**Data extract:**

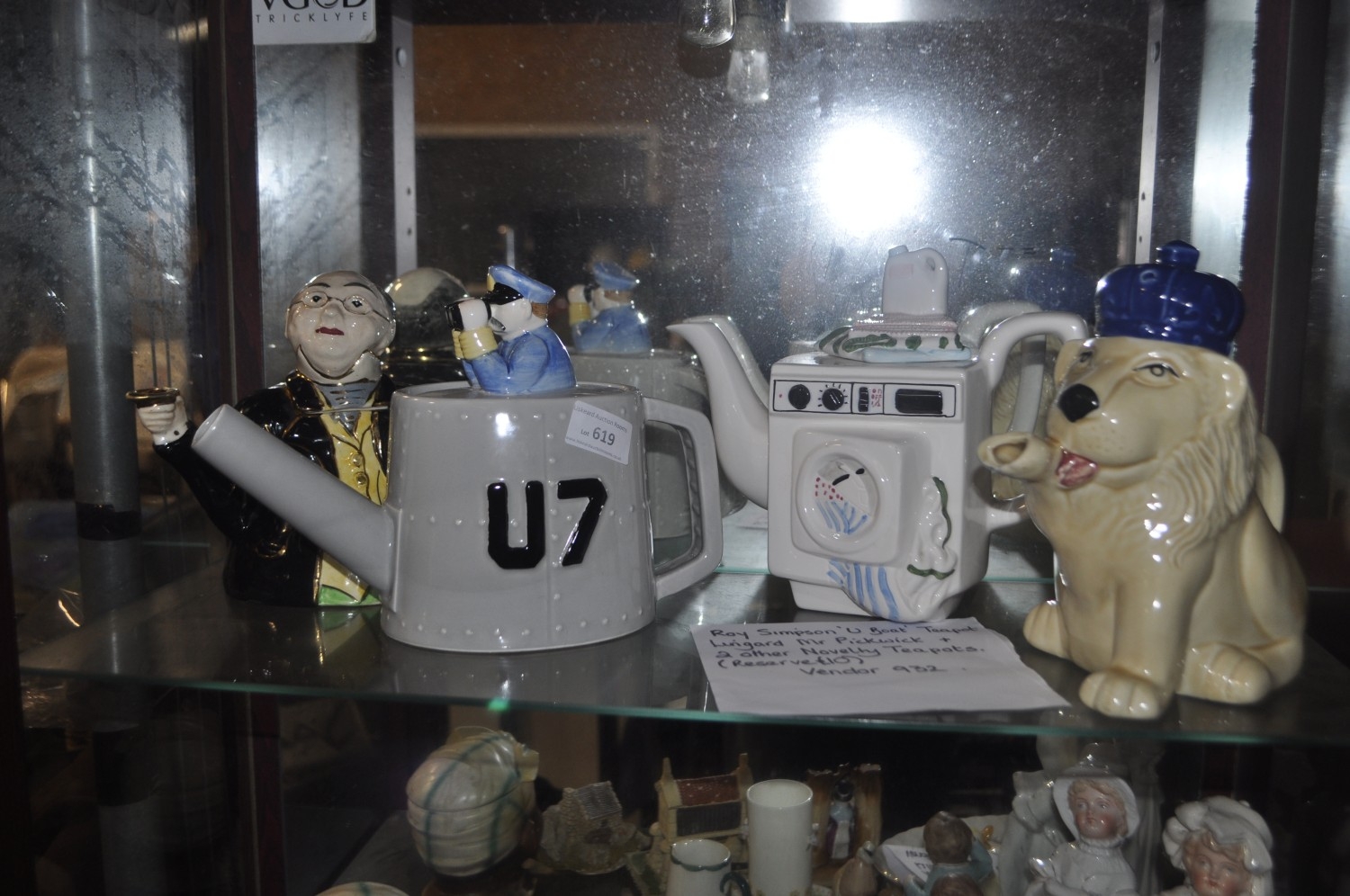 A ROY SIMPSON TEA POT AND A LINGARD MR PICKWICK PLUS 2 OTHER NOVELTY TEA POTS GREAT COLLECTION
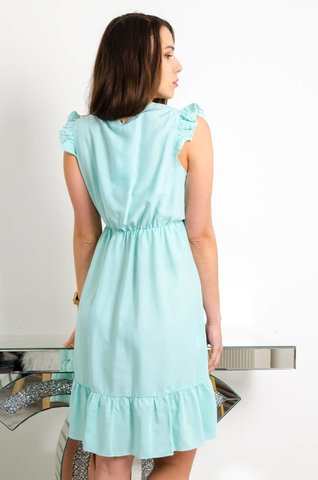 NIEBIESKA KRÓTKA ZWIEWNA SUKIENKA Z KOPERTOWYM DEKOLTEM
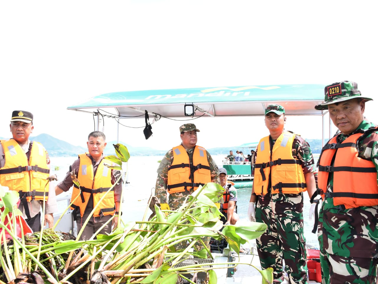 Samosir – Dalam rangka memperingati HUT 75 Kodam I BB, Bupati Samosir Vandiko T. Gultom bersama Dandim 0210/TU Ronald Tampubolon terjun langsung membersihkan eceng gondok di Danau Toba. Karya Bhakti TNI Manunggal memelihara Danau Toba Bersinar, Bersih, Nauli dan Ringgas dilaksanakan secara serentak di wilayah Korem 023/KS. Untuk Kabupaten Samosir dilaksanakan di Desa Palipi Kecamatan Palipi, KamisĀ (12/6/2025).
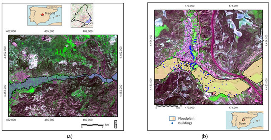 SPOT 6 images: (a) flood area between Morata and Perales de Tajuña and (b) mapping of buildings on the flood plain.

**Problem to solve:** Transcribe the listing exactly; omit all images.

**Finished exercise:**
 A ROY SIMPSON TEA POT AND A LINGARD MR PICKWICK PLUS 2 OTHER NOVELTY TEA POTS GREAT COLLECTION
 NIEBIESKA KRÓTKA ZWIEWNA SUKIENKA Z KOPERTOWYM DEKOLTEM
 Samosir – Dalam rangka memperingati HUT 75 Kodam I BB, Bupati Samosir Vandiko T. Gultom bersama Dandim 0210/TU Ronald Tampubolon terjun langsung membersihkan eceng gondok di Danau Toba. Karya Bhakti TNI Manunggal memelihara Danau Toba Bersinar, Bersih, Nauli dan Ringgas dilaksanakan secara serentak di wilayah Korem 023/KS. Untuk Kabupaten Samosir dilaksanakan di Desa Palipi Kecamatan Palipi, KamisĀ (12/6/2025).
 SPOT 6 images: (a) flood area between Morata and Perales de Tajuña and (b) mapping of buildings on the flood plain.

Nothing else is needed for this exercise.